PingOne Platform APIs

OIDC session management

You can manage user sessions per spec with OpenID Connect Session Management 1.0. This solution allows applications in background tabs to detect a change due to inactivity or a sign-off from a foreground tab and react accordingly.

After a successful authentication, a PingOne OpenID Provider (OP) session is created. The session state changes because of one of the following:

  • The user signs off as a result of a /as/signoff request or a SAML SLO request

  • The session times out

Applications in the same browser context can check user sessions regularly, and PingOne returns unchanged, changed, or error.

Requirements

  • The environment must be configured with a custom domain with applications accessible under the same main domain. For example, if the custom domain in PingOne is sso.example.local, applications must be in an accessible subdomain such as apps.example.local or www.example.com/app1.
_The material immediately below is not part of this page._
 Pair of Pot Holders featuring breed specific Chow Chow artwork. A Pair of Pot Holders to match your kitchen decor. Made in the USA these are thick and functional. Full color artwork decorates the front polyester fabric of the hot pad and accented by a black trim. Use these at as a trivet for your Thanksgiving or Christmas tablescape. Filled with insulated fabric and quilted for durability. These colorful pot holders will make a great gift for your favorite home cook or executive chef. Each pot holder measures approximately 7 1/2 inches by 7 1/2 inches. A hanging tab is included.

  • Because the default idle timeout for a PingOne user session is 30 days, a DaVinci flow is required for a shorter timeout period.
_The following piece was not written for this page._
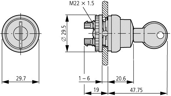 Selettore a chiave, Gamma di prodotti: RMQ-Titan, Apparecchio singolo, Progettazione: Pulsante a chiave, permanente, Non adatto per sistemi gerarchici di chiavi, 3 posizioni, I, II, Grado di protezione: IP66, Ghiera frontale Titan, Collegamento a SmartWire-DT: sì, con collegamenti SWD-RMQ, Dimensioni frontali: 29,7, Istruzioni: Funzionalità permanente/impulsivo, modificabile con M22-XC-Y, Estrazione chiave convertibile con adattatori di codifica M22-XC-..., con ponticello per azionamento del contatto centrale, Con 1 chiave, Conformità alle norme: IEC/EN 60947, VDE 0660, Grado di protezione: IP66

  • A session that’s purged by the system or deleted as a result of a PingOne session API request will not trigger a changed response.

Application configuration

To enable OIDC session management, set the opSessionCheckEnabled property of an OIDC application to true. When enabled, PingOne includes the session_state parameter in the authorization response, which is an opaque value PingOne returns to the application to represent the user’s login state. For example, when using the authorization code grant type with query response mode, the authorization response contains <redirect_uri>?session_state=<sessionState>&code=<code>.

Note: Although the session_state parameter is spec-compliant, it is disabled by default. Applications that aren’t expecting session_state in the authorization response could return an error.

To return the session state, the application invokes the https://<customDomain>/as/checksession endpoint as the src property of the OP iframe.

<iframe id="op" src="https://auth.mydomain.com/as/checksession" width="0" height="0" frameborder="0"></iframe>.

The iframe returns changed if the value doesn’t match what’s passed from the relying party (RP), otherwise it returns unchanged. If no ST or OPUAS cookies are found, the iframe returns error.

DaVinci flow

To implement this capability, build a DaVinci flow and assign it to the relevant applications. Use the Return Success Response (Redirect Flows) node from the PingOne Authentication connector to return to PingOne. The following image demonstrates a sample flow.

DaVinci Flow 1

This flow checks whether a session exists. If so, it returns to PingOne. Otherwise, it prompts the user for authentication and returns to PingOne.

Typically, all Return Success Response nodes in the flow should use the same Idle Timeout value so that end users experience consistent sign-on and session behavior.